If the Ada Interfaces.Fortran didn't work, that would be a compiler issue, but that's only because Ada does things right.

>It boils down to some programmer/s doing the following.

I read the article, you know.

anfilt · on June 22, 2019

You can do the same thing in ada. Instead of using the Fortran_Character type defined in Interfaces.Fortran you could just define your own that does not follow Fortran's string calling convention.

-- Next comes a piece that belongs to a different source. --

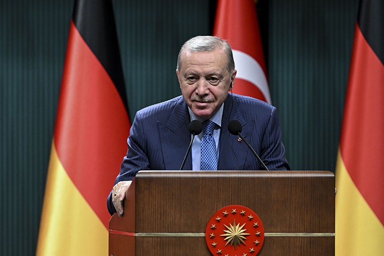 "Gerek Dışişleri Bakanım gerek Savunma Bakanım gerek istihbarat sürekli çalışıyoruz ki burada herhangi bir sıkıntıya fırsat vermeyelim diye. El ele vermeye hazırız. Şu anda da bu konuda ilgili bakanlarım bu talimatları almışlardır ve bu talimatla muhataplarıyla çalışmaya devam ediyorlar ve edeceklerdir. Nasıl ki 'Rusya-Ukrayna arasındaki savaş bitsin' diyoruz. Aynı şekilde de İsrail-Gazze arasında da bu savaşın bitmesinden yanayız. İnanıyorum ki Türkiye ve Almanya bu iş için el ele verebilecek iki önemli ülkedir."

Is that a language problem with ada? That's all the C programmers did here.

verisimilitudes · on June 22, 2019

>You can do the same thing in ada.

I wouldn't know how GNAT behaves in this case, but I figure it would at the least be much harder to do by mistake, as has been done with C for years.

>Instead of using the Fortran_Character type defined in Interfaces.Fortran you could just define your own that does not follow Fortran's string calling convention.

The Ada compiler is aware of what's being done when you interface with another language. You must tell it how the procedure is from a different language and you're also able to specify the representation of Ada data types to conform. I wouldn't be surprised to learn that GNAT is capable of checking on the Fortran side of things as well, for interfacing like this.

>Is that a language problem with ada? That's all the C programmers did here.

I don't believe Ada has this issue, but I'd wager it at the least makes it harder to make. In any case, I have no personal experience interfacing Ada with Fortran.

My point, however, is that this is a very common issue with C programming, where people don't know what they're doing and things break constantly. The C language is not designed for interfacing with other languages, in part because it wasn't designed much at all.

rightbyte · on June 22, 2019

Calling conventions are ... conventions. What language magically solves inter architecture ABIs?

icedchai · on June 23, 2019

Given how many other languages interface with C (basically, all of them), this statement is a bit silly and clearly false.